Учет феномена заложничества и его универсальной человеческой значимости вынуждает смотреть на вещи иначе. Прежде всего, он дезавуирует — даже в сугубо идеальной плоскости — саму возможность представления об абсолютно адекватном, нравственно безупречном поведении. Заложничество как таковое — состояние, нравственно безупречный выход из которого не просто труднодостижим, но вообще не может быть представлен. Возвратимся в этой связи еще раз к ситуации захвата заложников бандитами или террористами. Силовой вариант решения подобной ситуации, как об этом с лихвой свидетельствует современный опыт, в некотором существенном отношении как бы ставит освободителей заложников на одну доску с похитителями — и те, и те, получается, рискуют жизнями невинных людей; обвинения борцов с терроризмом в излишней жестокости (а какая жестокость сама по себе не излишня?) — одно из общих мест медийного репертуара наших дней. Если же признается возможным вступление в переговоры с бандитами, удерживающими заложников, — это практически неизбежно (и не без оснований) порождает упрек в соглашательстве, в сделке с теми, с кем договариваться нельзя: очевидно, что действуя таким образом, мы в какой-то мере «легитимируем» терроризм, поощряем тех, кто захватывает заложников, к дальнейшим акциям подобного рода. Так или иначе, приходится признать, что тот, кто имеет дело с заложниками, кто впутывается в ситуацию заложничества, если отбросить счастливые исключения, в общем случае неизбежно оказывается неправ. Ему не приходится рассчитывать ни на всеобщее одобрение (чаще всего мы, как известно, слышим в подобных ситуациях сетования на неадекватные действия спасавших — наряду с заявлениями спасенных о том, что удерживавшие их негодяи обращались-де с ними «гуманно»), ни даже на собственное ощущение идеальной правоты, нравственной безупречности своего поведения. Любая линия поведения здесь, в поле «искривленной» ответственности, оказывается небезупречной per definitionem; по существу, здесь не остается места ни для какой этической самоуверенности, ни для какого упоения Добром. Вообще, о каком моральном совершенстве может идти речь применительно к действиям (освобождению заложника), в частном конкретном случае извлекающим человека из состояния, в целом свойственного ему изначально и неотъемлемо.
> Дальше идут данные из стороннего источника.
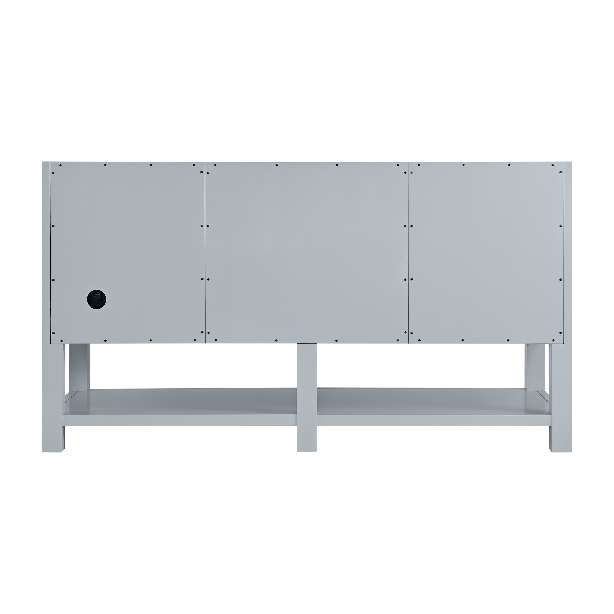 - Interior shelves are adjustable and removable with pre-cut channels to allow for plumbing drain pipes
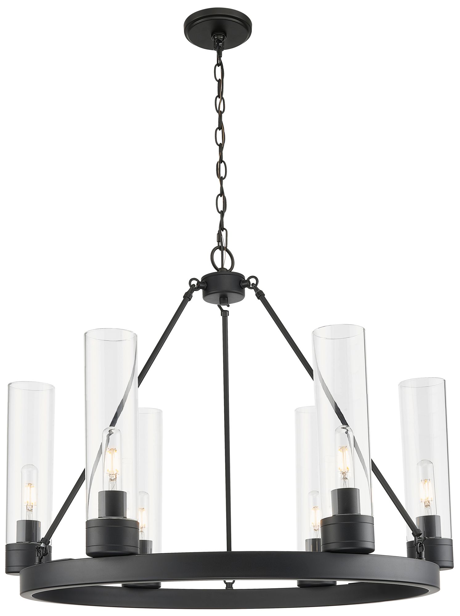 Boreas 29" Wide 6 Light Matte Black Chandelier With 11" Clear Shade

И вновь, как несколькими страницами выше, мы можем в наших размышлениях о заложничестве отрешиться от мрачного контекста насильственных действий, ибо принципиальные сложности нравственного порядка характеризуют самые различные проявления заложничества как такового (напомню, что на уровне эмпирии мы всегда имеем дело лишь с «семейным сходством» подобных проявлений или модификаций) — как поля искривленной или размытой ответственности. Это поле, повторю еще раз, всепроникающе, особенно в мире современных реалий; в его основе — своеобразная гравитация человеческой близости. Фундаментальная нравственная антиномия, которую существование этого поля актуализирует для нас, как раз и может быть, на мой взгляд, определена как антиномия принципиальности и близости: полагаем ли мы смыслообразующим началом своего нравственного самоопределения добрую волю (т. е. воление добра, служение идее Добра) — или служение ближнему. Соблюдать верность доброй воле, выполнять ее категорический императив (сколь далеко это бы нас ни завело) призывает Кант; неизбежным выводом из такого требования является утверждение всеобщего и необходимого характера моральных обязательств, объединяющих людей именно как дальних — устанавливающих для них «систематическую связь разумных существ через общие им объективные законы».[27] Жизненная значимость для этики указанной принципиальной, необходимой и всеобщей, основы, будучи очевидной сама по себе, получила и более чем достаточное опытное подтверждение, особым образом — в истории последнего столетия: не только гекатомбы нацизма, но и множество других преступлений против человечности взрастали на почве идеологий, сознательно игнорирующих общечеловеческое, универсалистское измерение морали, подменяющих этику принципов псевдоэтикой верности — верности фюреру, расе, народу с его вековыми устоями и т. д., и т. п. В таком идеологическом обрамлении служение ближнему легко может быть извращено, перетолковано в духе мафиозной «круговой поруки» или антикультурного своецентризма, в согласии с пресловутой максимой: «В своїй хаті — своя правда».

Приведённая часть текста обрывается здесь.